Maybe they couldn't believe that that door would still be open…
On another note, several people have sent me notes pointing out that Susan Mauldin, the former CSO at Equifax, graduated with degrees in music, not computer science. I was aware of that and regard it as quite irrelevant. As I and others have pointed out, gender bias seems to be a more likely explanation for the complaints. And remember that being a CSO is a thankless job.

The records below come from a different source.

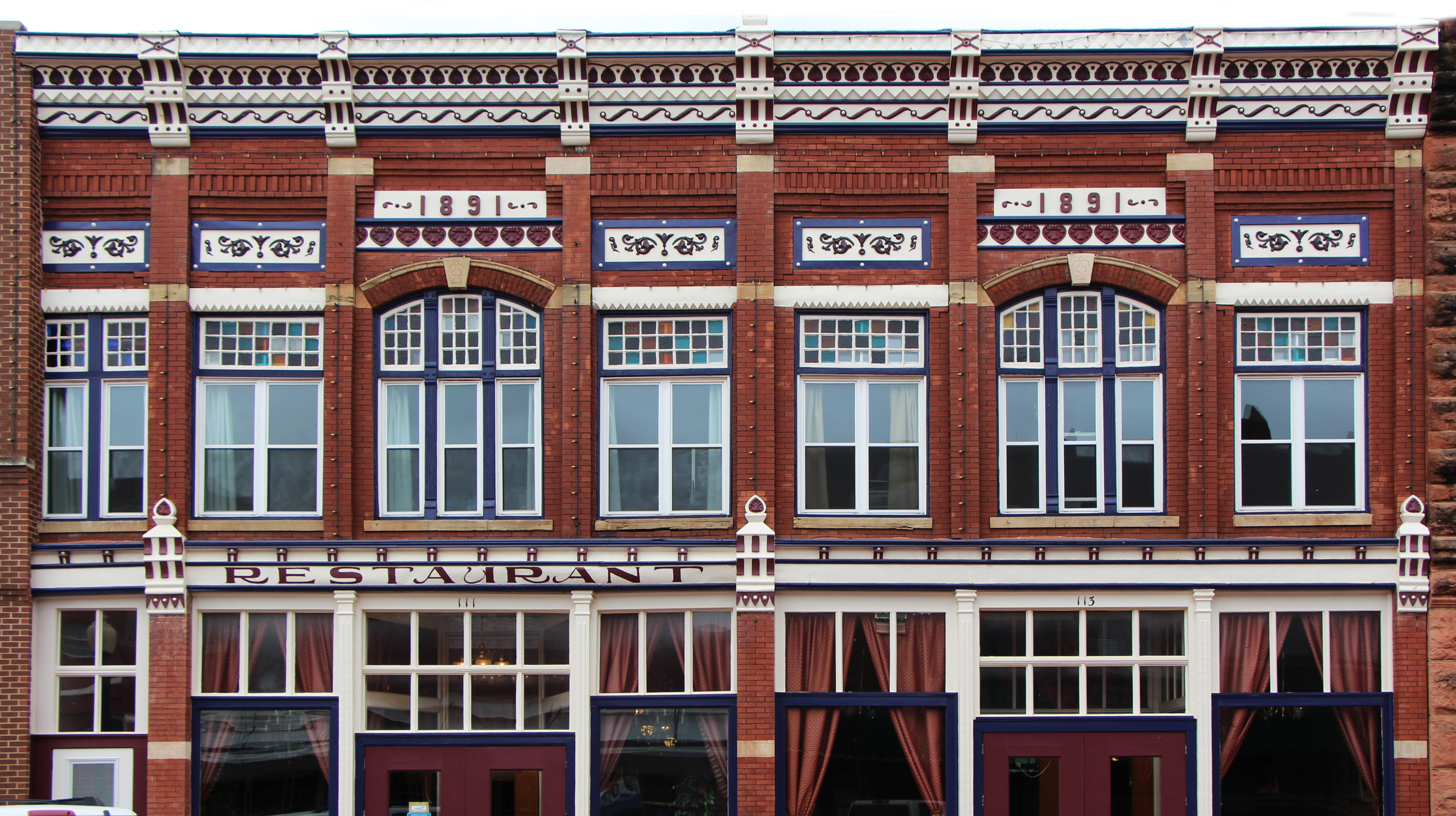 Tontz and Hirschi Block, Guthrie, Oklahoma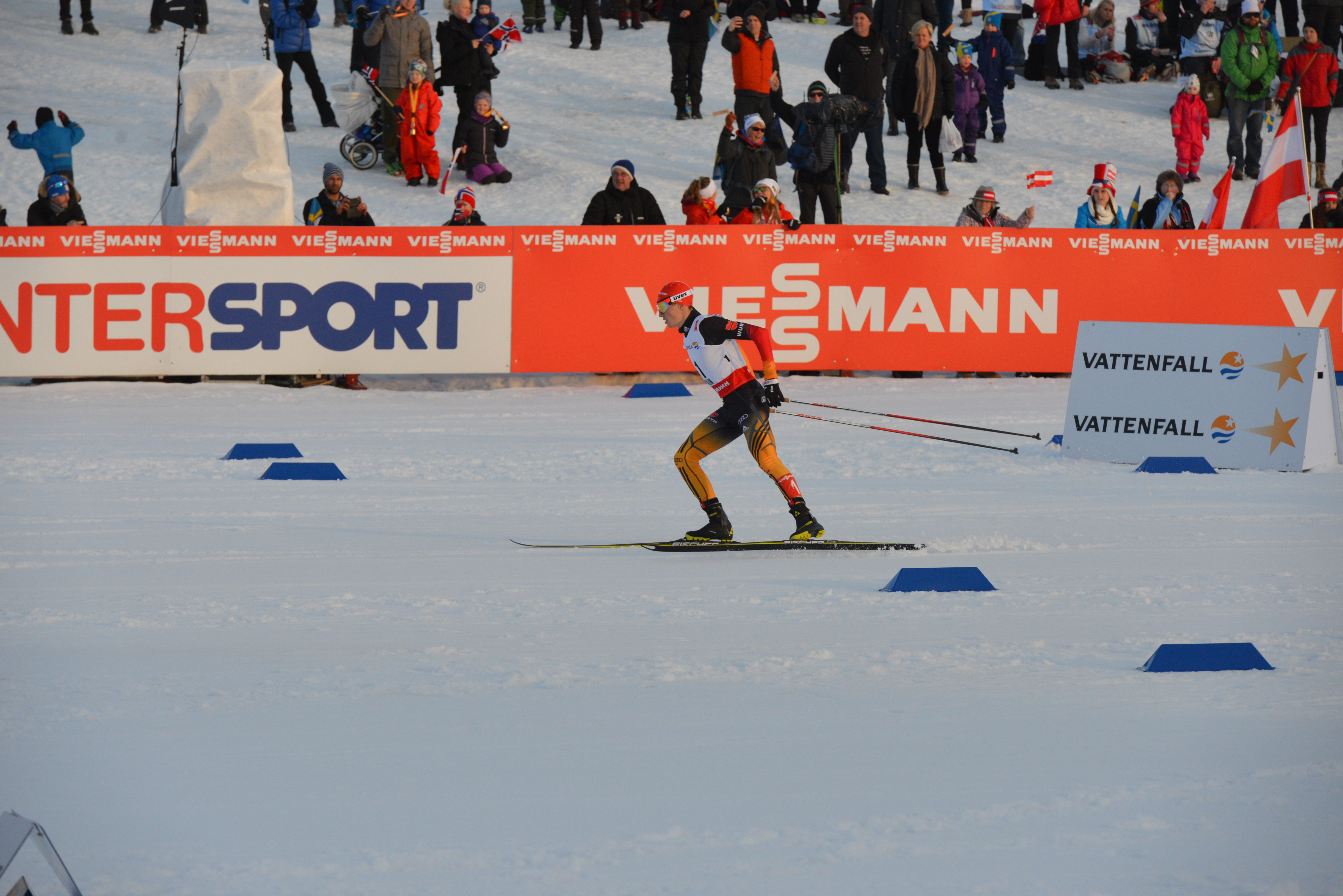 Nordic combined 10 km Gundersen individual competition at the FIS Nordic World Ski Championships 2015 in Falun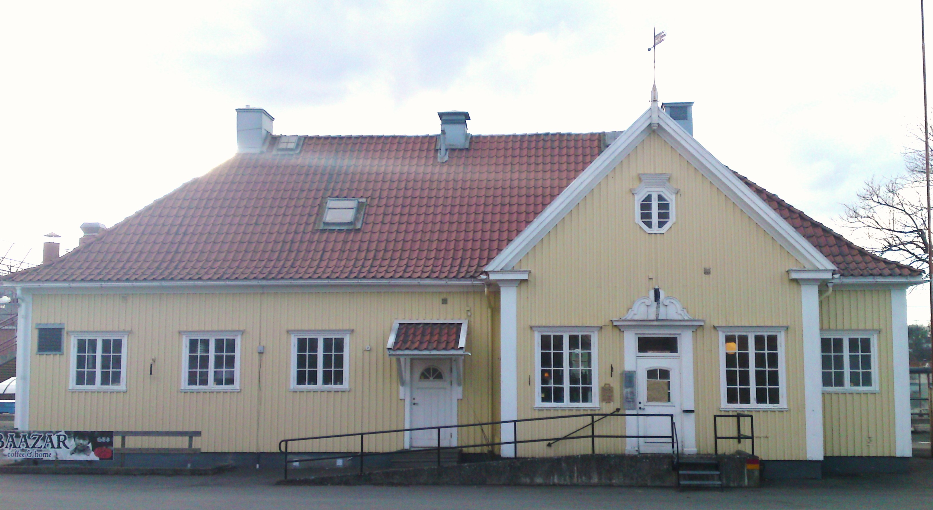 Sävsjö station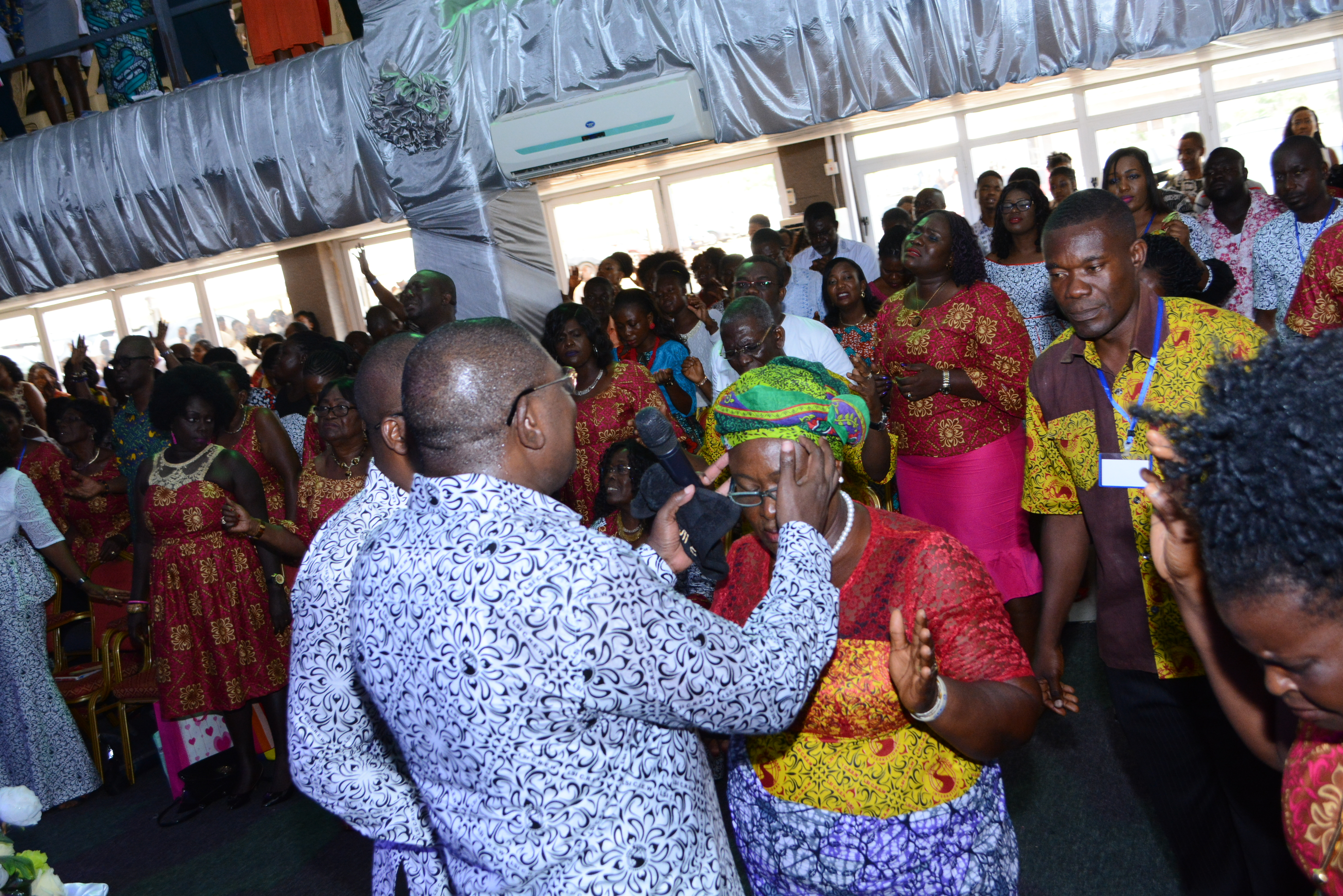 Laying on of hands, Dr. Ebenezer Markwei, Living Streams International, Accra, Ghana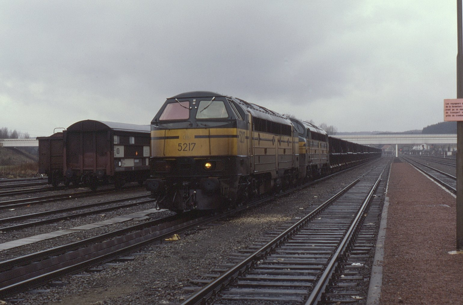 For many years Virton had a sparse passenger service of usually a single railcar on an alternate hourly service from Libramont. However it was a busy location for freight and several locos were noted stabled there on a visit there on 12 March 1988. Seen in this picture are 5217 and 5404 on a passing freight. Nowadays the passenger service continues through Virton on to Arlon via Rodange. Note: Once again the location map seems to be wrongly loaded with placenames. Closest spelling to Virton = Wirten.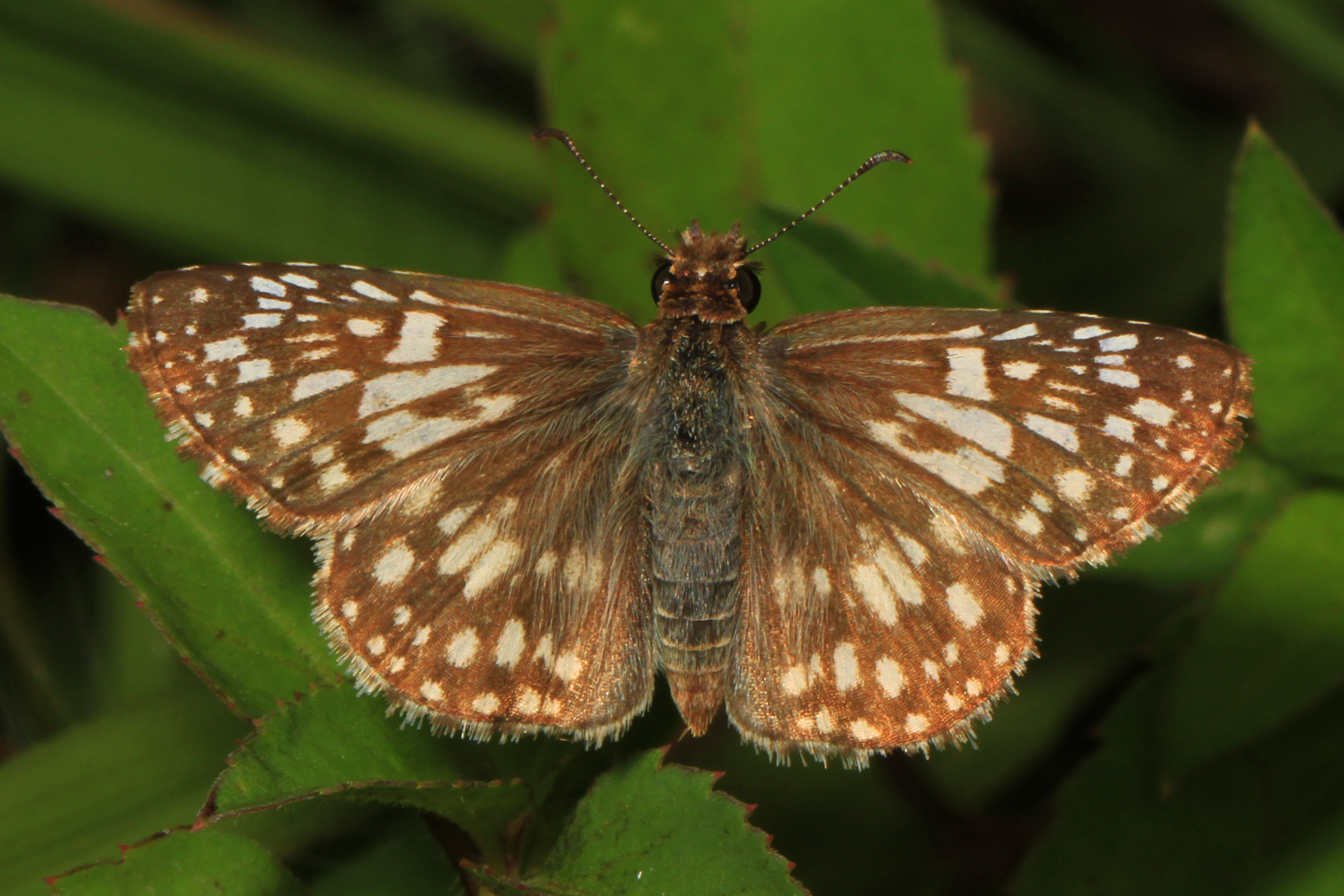 Tropical Checkered-skipper - Pyrgus oileus, Everglades National Park, Homestead, Florida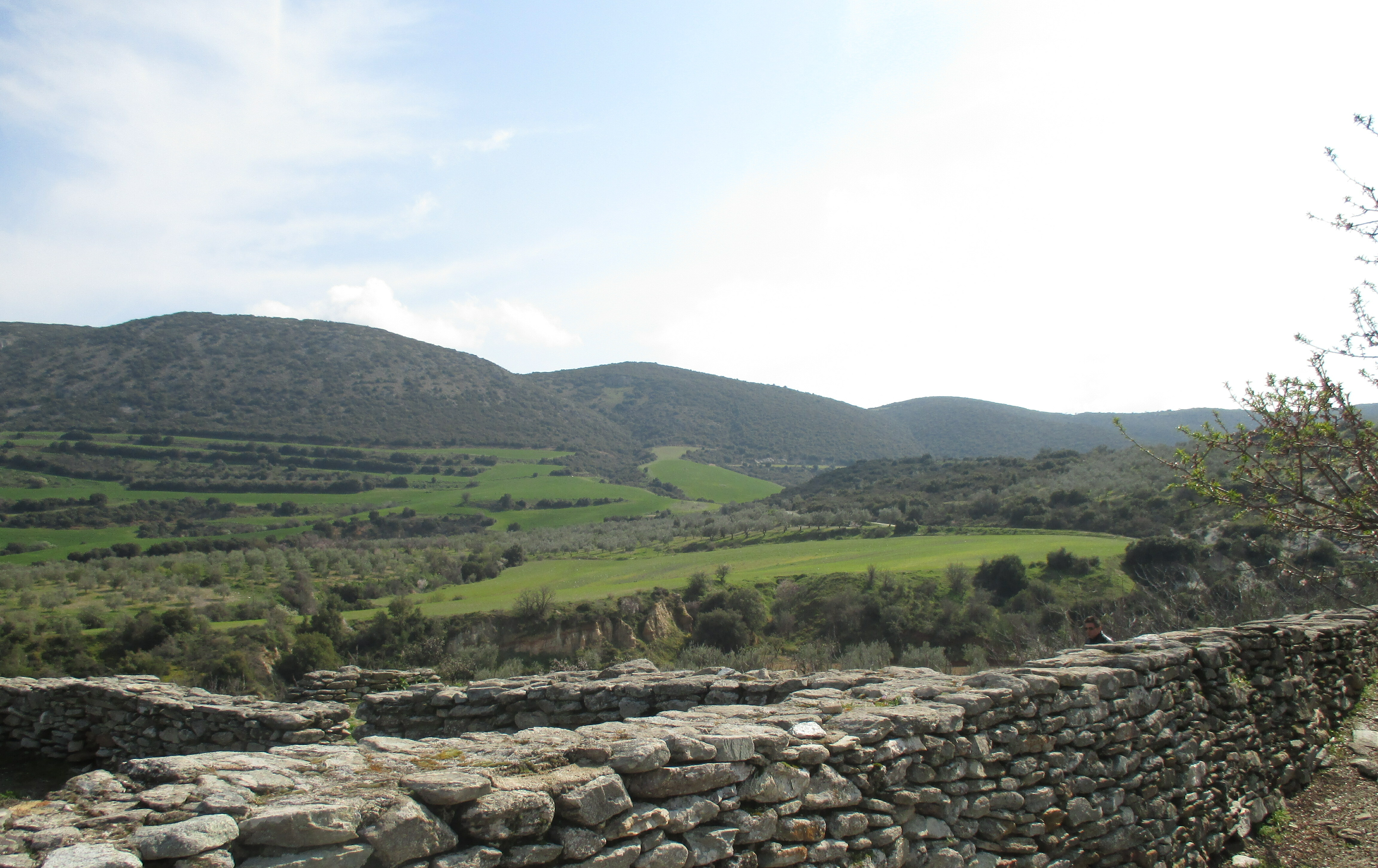 Sesklo area near Volos, Greece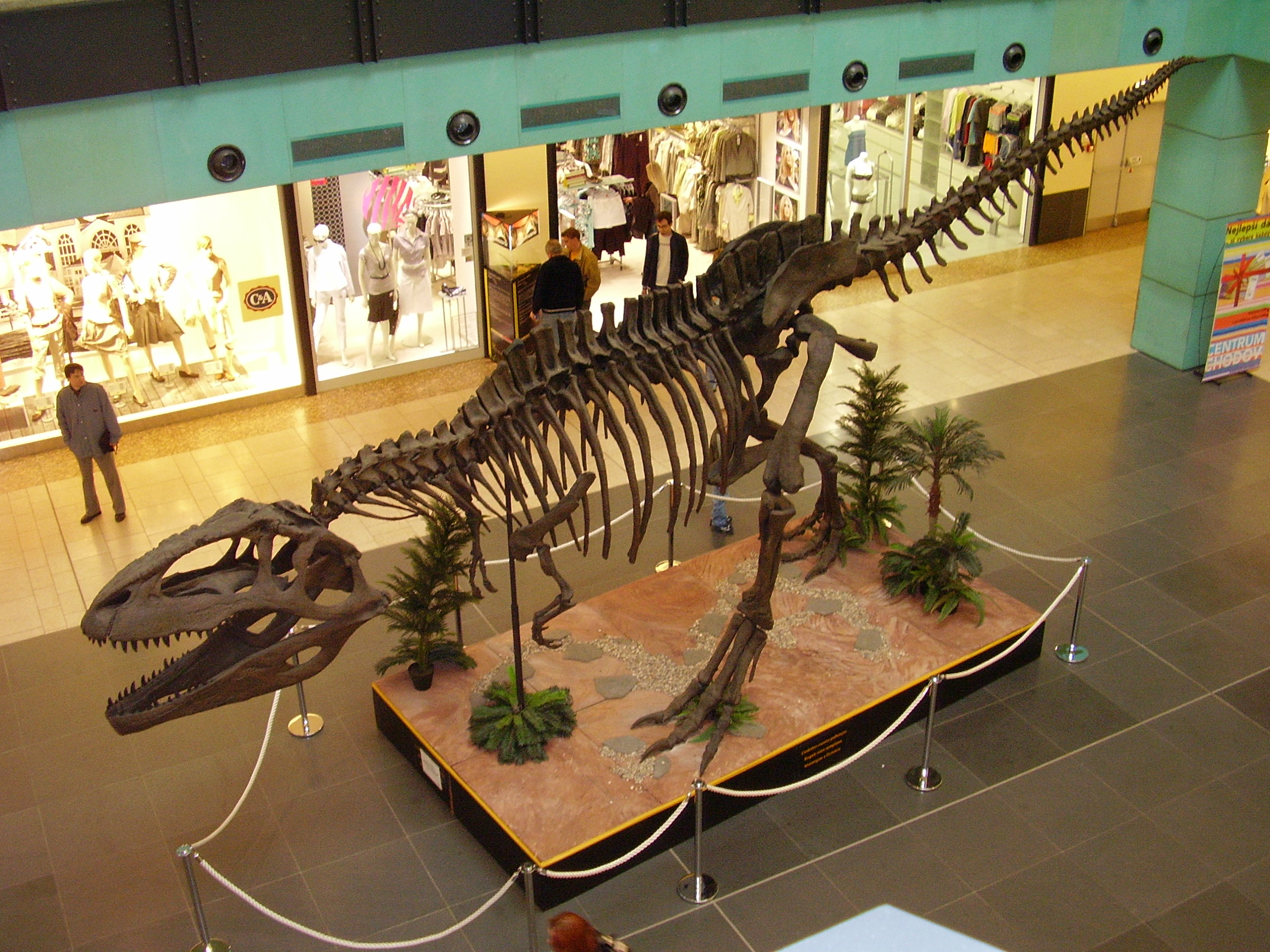 Skeleton of a giant theropod Giganotosaurus carolinii (exhibition in Prague, 2007).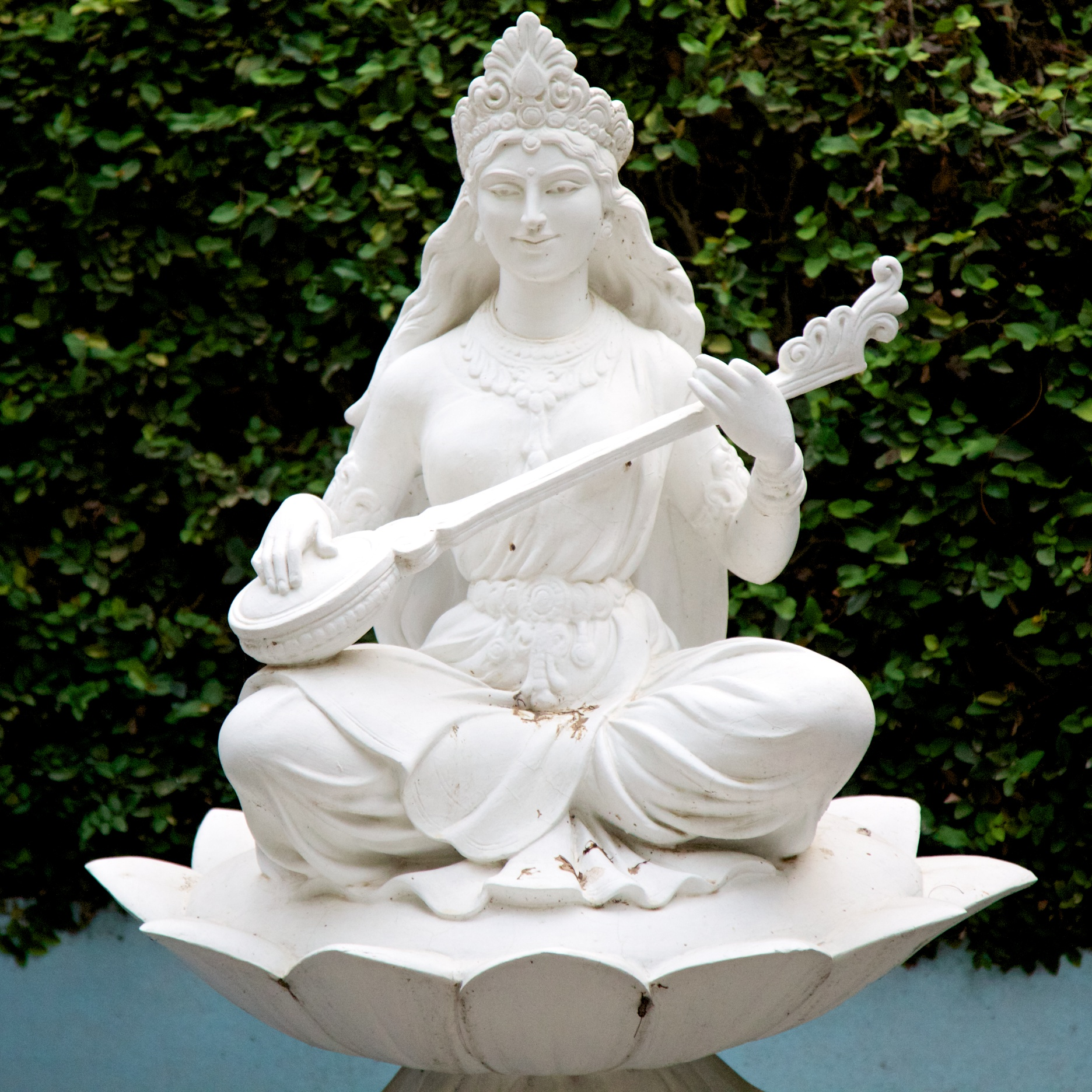 Sarasvati Hindu goddess of knowledge, wisdom, learning

Update: based on later information, disregard the first two paragrphs of this.
20 September 2017
The other day, I noted that Equifax had been breached in March, and quoted the article as saying that the attackers had been "the same intruders" as in the May breach. In a newer news report, Equifax has denied that:
"The March event reported by Bloomberg is not related to the criminal hacking that was discovered on 29 July," Equifax's statement continues. "Mandiant has investigated both events and found no evidence that these two separate events or the attackers were related. The criminal hacking that was discovered on 29 July did not affect the customer databases hosted by the Equifax business unit that was the subject of the March event."So: I'll withdraw the speculation I posted about this incident confirming one of my hypotheses and wait for further, authoritative information. I repeat my call for public investigations of incidents of this scale.
Also worth noting: Brian Krebs was one of the very few to report the March incident.